The disregard for the health and well-being of athletes and the general public is inseparable from the grotesque social inequality of contemporary society. The world gave an overview of the state of siege imposed on the population before the opening ceremony, writing:
More than 40,000 barriers lining the streets of Paris, security perimeters prohibiting any access to the Seine without a QR code, hundreds of police and gendarmerie patrols and closed metro stations: rarely in peacetime has the French capital experienced such a high level of security.
The two-week sporting event will cost between 9 and 10 billion euros, of which only a third will be financed by sponsors. The rest will be borne by the public, that is, the vast majority, workers who will be forced to spend their income on a spectacle to which they were neither invited nor welcomed.
Marie Leon, 38, a mother of two who lives near the Stade de France in the working-class suburb of Saint-Denis, told AP: “You’ll see, there will be police officers who will stop us from going there anyway. From my window, I will be able to hear the roars and cheers of the Stade de France. That will be the only way for me to be included in the Olympics.”
Much has been made of the unprecedented nature of the setting for the Paris Olympics, which are largely taking place on the Seine or in temporary facilities and stands built around the river. In reality, this choice also reveals the authorities’ total contempt for the population.
Breaking with the tradition of opening the Olympics at sporting venues, the opening ceremony of the Olympic Games took the form of a parade of boats on the Seine. Around 10,500 athletes boarded an armada of 85 boats at the Pont d’Austerlitz, named after Napoleon Bonaparte’s military victory over Russian and Austrian forces in 1805. The boats sailed west for 6 kilometres before reaching the Trocadéro esplanade across the river from the Eiffel Tower, where official protocols took place and the Olympic cauldron was lit.

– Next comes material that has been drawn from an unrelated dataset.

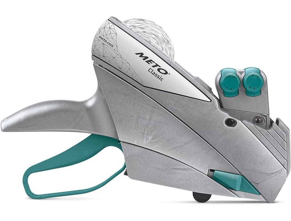 Etiquetadora METO Classic L 1932, ideal para tiendas, almacenes y oficinas. Diseño ergonómico en acabado plateado con detalles en verde, fácil de usar y resistente. Incluye dos rodillos para etiquetas de 32x19 mm con capacidad para 19 caracteres numéricos. Fabricada en metal y plástico de alta calidad para una durabilidad óptima. Perfecta para etiq

Along the picturesque route, with the iconic Notre Dame and the Louvre as a backdrop, 320,000 spectators filling 124 stands crammed in for hours on Friday, despite rain that left them soaked.
After an evening at the Élysée, more than 100 heads of state welcomed the athletes arriving amidst performances by Céline Dion and Lady Gaga. US President Joe Biden, who was recovering from his third Covid-19 crisis at home under close medical supervision, was replaced by his wife Jill. In total, more than 15,000 artists and behind-the-scenes technicians put on a grand spectacle for a budget of 120 million euros for the evening’s festivities.
For athletes, however, the reliance on the heavily polluted Seine River for the swim portion of the triathlon poses a major health threat. The $1.5 billion spent to build a sewage treatment facility to treat storm-polluted water has failed to clean the river, with rain forcing officials to cancel a training session Sunday. The Seine continues to harbor dangerous levels of bacteria, including E. coli and enterococcus, that could cause dangerous illnesses in swimmers, but officials plan to go ahead with the triathlon Tuesday.
The Australian, Chinese and other teams have announced they will design special treatments for their swimmers to minimise the risk of serious illnesses after competing at the Olympics.